======== Data in this exercise ========

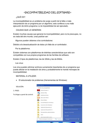 La incompatibilidad de software surge cuando un programa no puede ser ejecutado correctamente debido a problemas con controladores desactualizados, plataformas diferentes o virus. Para resolver problemas de incompatibilidad, se debe usar el solucionador de problemas de Windows siguiendo los pasos de ir al panel de control, buscar el solucionador de problemas, seleccionar programas y hacer clic en la opción para escanear y reparar.
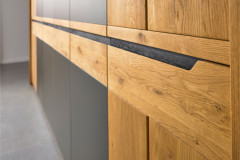 - Front (außer Glastüren): Wildeiche massiv, naturbelassen geölt
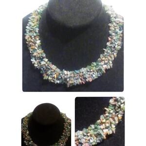 Vintage heavy necklace with Raw multi stones. Beautiful statement piece. Gorgeous colors to match many outfits!
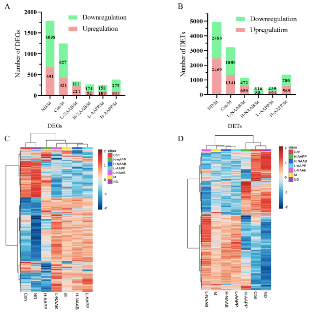 圖1 DEGs(AC)及DETs(BD)的統(tǒng)計(jì)分析
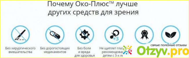 Препарат является альтернативным решением проблем со зрением, так как лечение при помощи Око плюс помогает избежать лазерной коррекции и добиться здоровья глаз без применения других операций.
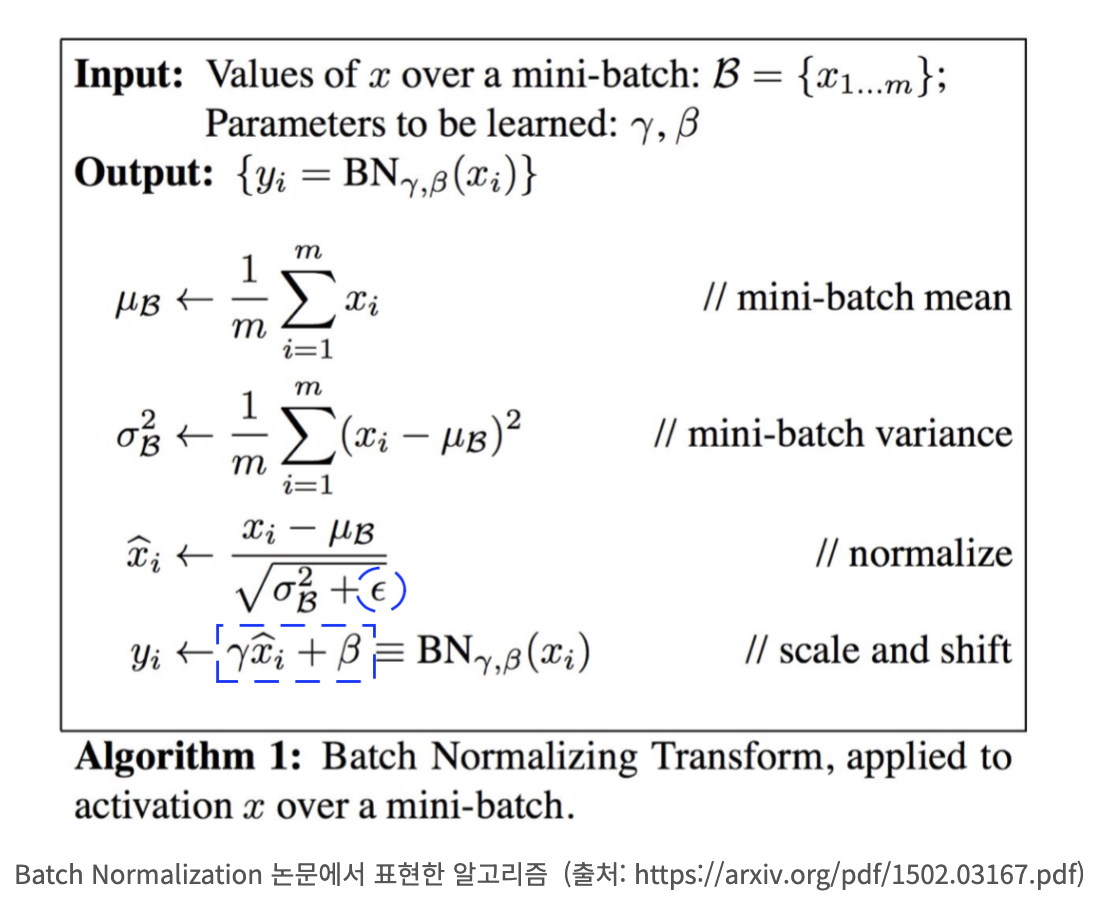 - 참고로 batch norm은 감마와 델타가 학습되는 layer다. 정규화한 값에 r를 곱하고 베타를 더해주는 작업이 이어진다.

========

**What needs to be done**: Reproduce exactly the lines above from the one with "Препарат является альтернативным" through the last line of the data, keeping both ends and dropping the pictures.

**Answer space**:
 Препарат является альтернативным решением проблем со зрением, так как лечение при помощи Око плюс помогает избежать лазерной коррекции и добиться здоровья глаз без применения других операций.
 - 참고로 batch norm은 감마와 델타가 학습되는 layer다. 정규화한 값에 r를 곱하고 베타를 더해주는 작업이 이어진다.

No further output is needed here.